Compared to other countries, U.S. greetings tend to be informal. The informal greetings show that all persons are equal. In business situations, a common practice is the shaking of hands after introduction. Moreover, in American culture, business executives should maintain eye contact with other professionals. During these meetings, there is the exchange of business cards. Such cards are viewed as the greatest source of information for both the present and future interactions. In the U.S., business meetings are based on individual companies. Americans engage in business meetings when they receive good services and deals from companies. Therefore, local and foreign businesses operating in the U.S. should strive to provide their consumers with goods deals and services. It is also important for executives and managers to be on time for business meetings. Business executives and managers who arrive late for such meetings are considered disrespectful and rude. Another management practice that tends to be common in the U.S. is the delegation of duties. While delegating duties, managers should ensure that they give employees clear guidelines and responsibilities.
Conversely, in China, the Communist Party, which is the main political ruler in the country, is an atheist. However, in the recent past, the party has started to be tolerant of citizens’ religious ideologies. Consequently, there are five religions in China, which include Protestantism, Catholicism, Islam, Taoism, and Buddhism. The government has illegalized any other religion apart from these five. In certain instances, some traditional forms of religion are practiced in this country. Seven dominant Chinese language dialects are spoken in this country. The primary Chinese dialect that is spoken by a majority of individuals in this country is Mandarin. Other Chinese dialects include Gan, Hakka, Min, Xiang, Yue, and Wu. There are significant differences in these Chinese dialects. Pŭtōnghuà is China’s official language. However, several Chinese citizens are fluent in English.

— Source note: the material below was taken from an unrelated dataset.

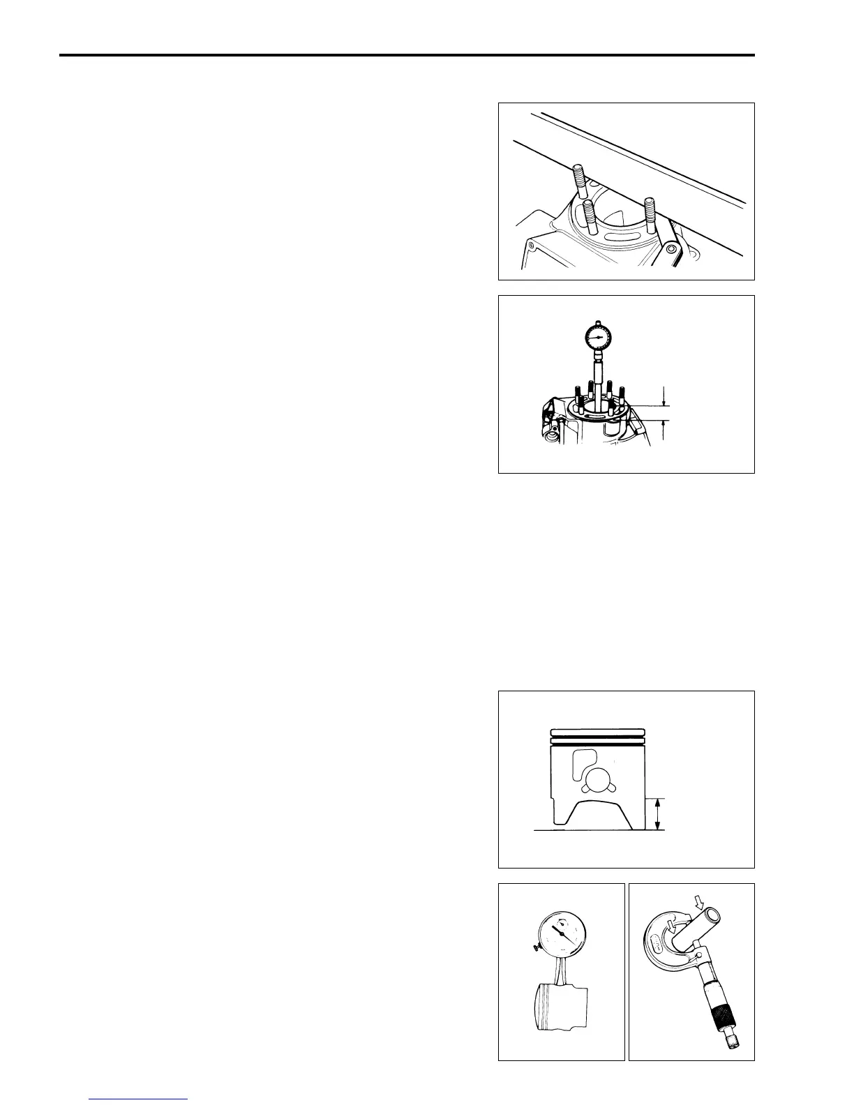 • Measure the cylinder bore for wear with the cylinder gauge at
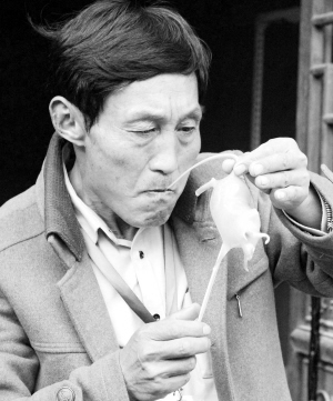省級(jí)非遺項(xiàng)目滑縣馬氏吹糖人第十六代傳承人馬電坤現(xiàn)場表演吹糖人。

Ethnic diversity and geographical locations influence the type of food consumed in this country. Rice is the Chinese’ major food source. In China, several individuals do not consume meat products. Many Chinese citizens have high regards for family relationships. Cultural values in this country are based on Confucianism. They stress honor, filial piety, loyalty, sincerity, and duty. In Chinese society, the face concept translates into respect, reputation, and honor. It is unethical in the Chinese culture for people to engage in activities that can cause public embarrassment. In structured meetings, silence is at times valuable in the Chinese culture. Notably, Chinese culture does not permit public disagreements among individuals. Within the home environment, the men had authority over the female gender.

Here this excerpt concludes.